United States District Court, M.D. Pennsylvania

September 11, 2019

BARBARA W. MILDREN and RAYMOND MILDREN, Plaintiffs
v.
GARRETT LEE WATKINS, et al., Defendants

          MEMORANDUM

          Kane, Judge

         Before the Court are: (1) Defendant United Rentals, Inc.'s (“United Rentals”)[1] Motion to Dismiss Plaintiffs' Third Amended Complaint Pursuant to Federal Rule of Civil Procedure 12(b)(6) (Doc. No. 34); and (2) Defendant SpringLine Excavating, LLC's (“SpringLine”) Motion to Dismiss Plaintiffs' Third Amended Complaint Pursuant to Federal Rule of Civil Procedure 12(b)(2) (Doc. No. 25). For the following reasons, the Court will grant the motions.

         I. BACKGROUND[2]

         Plaintiffs Raymond Mildren and Barbara W. Mildren (“Plaintiffs”) allege that their claims arise out of a motor vehicle collision occurring on Tuesday, November 22, 2016 “at the intersection of Interstate 81 traveling towards York and Maryland in Dauphin, Pennsylvania.” (Doc.
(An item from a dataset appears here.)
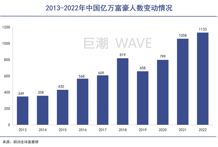根据胡润全球富豪榜统计来看,2018年以前,中国亿万富豪数量在五年间内出现增长超过134%。但是在之后四年内增长仅为38%。尤其是在2019年,中国亿万富豪数量历史性地出现下跌,虽然之后有所上扬,不过增速已经明显放缓。

No. 41 ¶ 8.) Plaintiffs allege that as Raymond Mildren was driving on Interstate 81, their car was struck by a pick-up truck operated by Defendant Garrett Lee Watkins (“Watkins”). (Id.) Plaintiffs allege that Watkins “suddenly without warning, failed to slow down and stop in traffic colliding hard with Plaintiff's vehicle.” (Id.) Plaintiffs allege that the pick-up truck driven by Watkins was owned by Defendant SpringLine, and at the time of the collision, Watkins was employed by Defendant Energy MAT Alliance, LLC (“Energy MAT”). (Id.) Plaintiffs allege that Raymond Mildren “was injured and continues to suffer injuries and damages from this incident, ” and that as a result of those injuries, Barbara W. Mildren “has suffered, and continues to suffer a loss of consortium and has suffered damages to her relationship with her husband.” (Id. ¶¶ 9-10.)

         On July 16, 2018, Plaintiffs filed a complaint in this Court asserting claims against Defendants Watkins and SpringLine arising out of the automobile collision. (Doc. No. 1.)[3]Several days later, Plaintiffs filed an amended complaint. (Doc. No. 4.) After service of the amended complaint on Defendants Watkins and SpringLine, the parties filed a Stipulation (Doc. No. 15), on October 4, 2018, memorializing their agreement to permit Plaintiffs to file a Second Amended Complaint, which they filed on the same date (Doc. No. 16). Plaintiffs' Second Amended Complaint added a third defendant, Energy MAT. (Id.) Defendant Watkins filed an answer to the Second Amended Complaint on October 25, 2018 (Doc. No. 21), while Defendant SpringLine filed a motion to dismiss the Second Amended Complaint on October 24, 2018 (Doc. No. 19), based on an alleged lack of personal jurisdiction over it.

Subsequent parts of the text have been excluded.